Let's back up a minute. All things being equal, aside from the delay in
CUPS printing, what else is not working at or beyond par? Is the printing
issue the ONLY issue? How long is the delay? Is it between pages or
between jobs or just a lag for a given job to start from a cold start
(nothing else printing at the moment)? How do the users log/use the
system?  If telnet or ssh, is there any delay in connecting there? Any
changes elsewhere in the environment as part of this upgrade (such as
network equipment/configuration, version of linux on the guests, DNS
servers, etc)? Anything out of the ordinary in /var/log/messages or the
tail of the 'dmesg' output that is present on the guest in question and
not when it was physical? I assume the guest's physical form still exists
somewhere? How are the cups printers connected to the network and likewise
configured in CUPS on the guest? If TCP socket based setup (ie, TCP port
9100), what happens if you open a terminal window on the guest in question
and execute a telnet to the printer's IP address on port 9100 (ie, 'telnet
<ipaddr> 9100')?  Does it connect immediately or is there a delay? Not
sure if you have more than one printer, but if so, do all printers exhibit
the slowness or just certain ones?  In vSphere Client, as I'm sure you are
aware, the host and guest both have tabs for "Resource Allocation",
"Performance" and "Events".  Between periods of printing and non-printing,
is there anything that seems out of whack or wildly varying?  

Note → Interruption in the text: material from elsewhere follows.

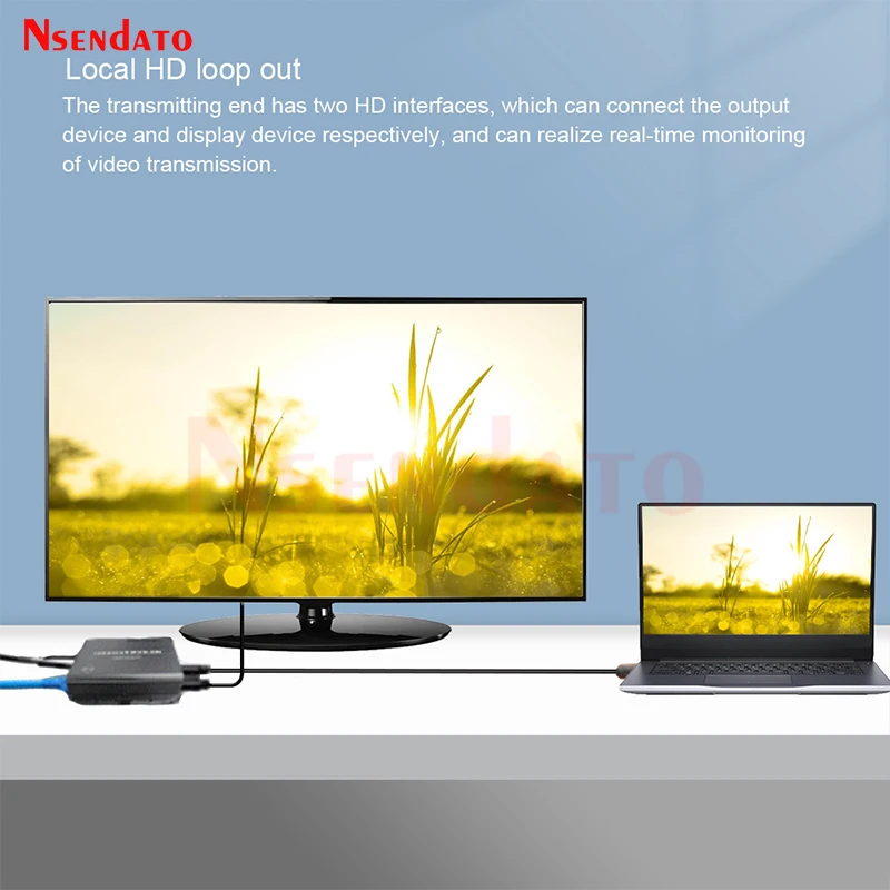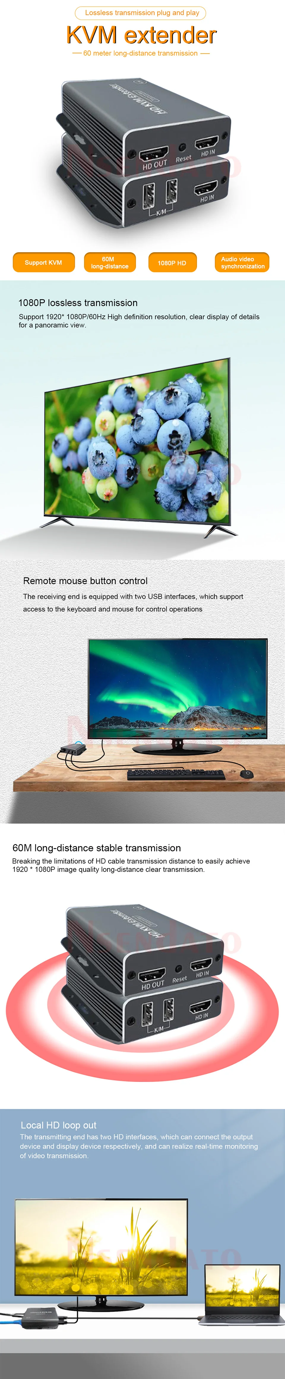 Comprar Extensor de red KVM HDMI USB de 60M sobre Ethernet 1080P extensor HDMI con salida de bucle para ratón teclado DVD cámara PC a Monitor de TV

Chris is right, you need to install VMware Tools.  It is very easy on
CentOS 6.  When you tell vSphere Client to install VMWare Tools on the
CentOS guest, it will connect a small .iso image to the guest, and, if you
are running a GUI console for the guest, and are logged in as root, it
will likely automount it for you.  However it does, you need to locate the
mount point, then from, say, /root, extract the tarball on the mounted
image.  There is a perl script in the extracted folder to install vmware
tools.  Run it and just take the default for everything (initially at
least).  You should probably reboot the guest too once it's done as
depending on how it finds the guest's environment, it may build a new
kernel boot image.  Once VMWare Tools is running, the guest will
communicate a lot more info back to the host and this will provide
additional information about resource utilization at the guest level with
respect the ESXi and the host and may help identify bottlenecks at the
VMWare level.

-----Original Message-----
From: [email protected] [mailto:[email protected]] On
Behalf Of Howard White
Sent: Tuesday, November 20, 2012 2:05 PM
To: [email protected]
Subject: Re: [nlug] the continuing saga of the reluctant systems
administrator

On 11/20/2012 01:42 PM, Chris McQuistion wrote:
> What's your disk subsystem with the new ESXi host?  How much physical 
> memory and CPU does the box have and how much have you designated to 
> your VM's?
>
> Do you VMWare Tools installed on the Guest VM's?
>
> Chris
>

300GB of mirrored SAS drives on a 3ware RAID controller.
16GB of physical memory with 8GB allocated to guest 1 and 4gb allocated to
guest 2.
Has one four-core CPU; guest 1 has "3 cores" allocated and guest 2 has
one.
Top is showing 24k of swap used but current memory used is quite a bit
less than 8GB.
And yes, Tilghman, vm.swappiness=85.